Ogólnie sprawdzalem czy dochodzi paliwo na listwę. Dochodzi, chociaż nie wiem jakie jest jego ciśnienie. Musze sprawdzic, gdyż podejrzewam pompkę paliwa -dogorywa i raz działa raz nie. Póki się wezmę za wymianę mam pytania:

1. sugerowano na forum sprawdzenie elektrozaworów. Gdzie one są?

2. pompa paliwa jest zasilana pewnie z jakiegos przekaznika. Który to i gdzie się znajduje? Bo moze przyrdzewial jak juz to mi sie z innymi przekaznikami zdarzalo

3. czy do pompy (jesli to ona padla) są jakies wkłady (same pompki, nie kompletne kosze)/zamienniki itp.
Oprócz odpowiednich wymiarów jakie powinna miec parametry (cisnienie)???

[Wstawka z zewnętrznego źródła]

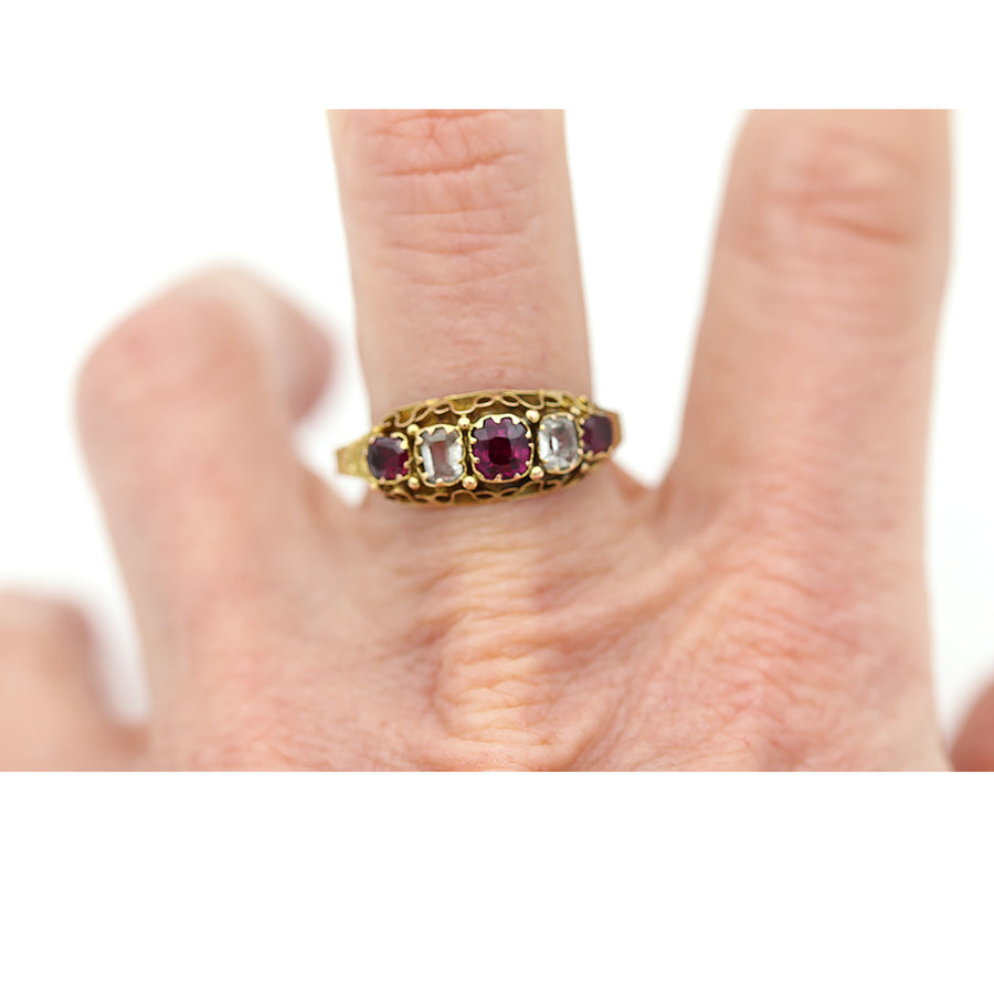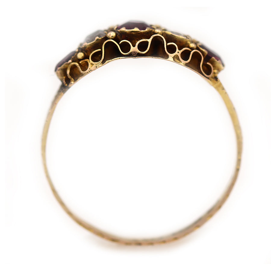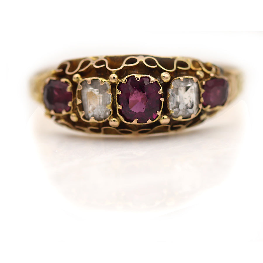 The Mele ring is an authentic vintage wedding ring from the Victorian era, circa 1900's. This ring features three (3) natural deep purple cushion cut almandine garnets and two (2) natural white cushion cut Aquamarines. Beautifully crafted in an original 15 kt yellow gold Victorian setting, this ring is perfect to wear alone or stack with other vintage rings. In very good condition.

4. w kwestii wolnych obrotów które świrują na zimnym silniku. komputer odczytal błąd sondy lambda i czujnika podciśnienia w kolektorze. Jak to się ma do wahania obrotów i dużego spalania paliwa? Sonda na pewno jakoś się ma, a czujnik?
Auto przy wolnej jezdzie (80kmh na sniegu) spala 13,8 LPG, przy normalnej 15,5 l, w miescie i z przyczepa 18,5 (wszystko trasa, instalacja sekwencyjna STAG)

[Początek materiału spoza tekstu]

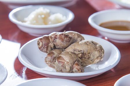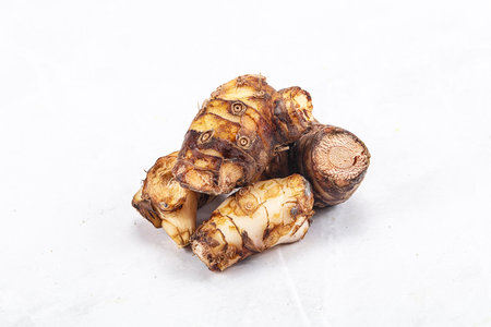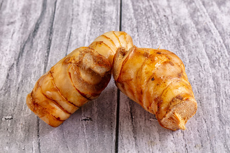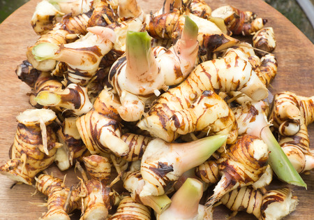 fresh taro root on wooden table, top view, close up

5. sama pompa - jak się domyślam jest w zbiorniku. Jak się do niej zabrać? pod autem? trzeba wymontować zbiornik? czy jest jakieś dojście np w podłodze bagażnika albo pod tylnym siedzeniem? w miejscu podwieszanego koła zapasowego mam butle z LPG. Trzeba ją demontować czy nie?
Tytuł: Re: kreci, trzesie i nie pali
Wiadomość wysłana przez: Michal Pawlaczyk w Styczeń 11, 2010, 15:27:39
Cytuj

Rafał Jędruszek napisał:
witam po przerwie
sprecyzuję moje problemy bo nie są jeszcze do konca rozwiązane. Dziwnym trafem jak jade do mechanika auto "sie naprawia" i nie ma co diagnozować.

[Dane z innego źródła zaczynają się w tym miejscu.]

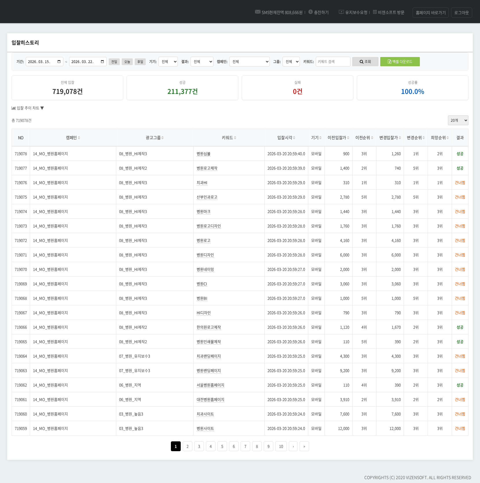 ▲ 입찰 이력 화면 — 키워드별로 입찰 시각, 이전/신규 입찰가·순위, 결과 상태(성공/실패/건너뜀)를 상세하게 조회하고 엑셀로 다운로드합니다
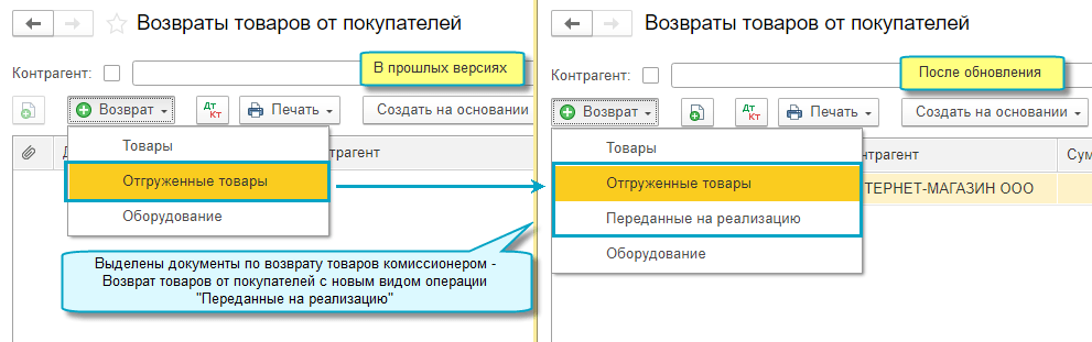 Полный интерфейс: меню "Продажи - Продажи - Маркетплейсы и комиссионеры - Возврат переданного на реализацию".

MAM PROBLEM Z ODPALANIEM NA BENZYNIE
raz działa, pięć razy nie. i tak w kółko. jak nie działa na pb odpalam awaryjnie na gazie. Jesli moge odpalic na gazie to zakladam ze immo, swiece, cewki, iskra i prąd są OK. Szwankuje zasilanie lub cos innego. Na pb da się odpalić ale auto chodzi nie równo i po kilku sekundach gasnie (tak jakby spalalo resztki paliwa w komorze). Jak po odpaleniu chce dodac gazu to nie reaguje na pedał gazu i od razu gaśnie. Odjechanie na PB jest wtedy niemozliwe. Wtedy pale na gazie

Ogólnie sprawdzalem czy dochodzi paliwo na listwę. Dochodzi, chociaż nie wiem jakie jest jego ciśnienie. Musze sprawdzic, gdyż podejrzewam pompkę paliwa -dogorywa i raz działa raz nie. Póki się wezmę za wymianę mam pytania:

1. sugerowano na forum sprawdzenie elektrozaworów. Gdzie one są?

2. pompa paliwa jest zasilana pewnie z jakiegos przekaznika. Który to i gdzie się znajduje? Bo moze przyrdzewial jak juz to mi sie z innymi przekaznikami zdarzalo

3. czy do pompy (jesli to ona padla) są jakies wkłady (same pompki, nie kompletne kosze)/zamienniki itp.
Oprócz odpowiednich wymiarów jakie powinna miec parametry (cisnienie)???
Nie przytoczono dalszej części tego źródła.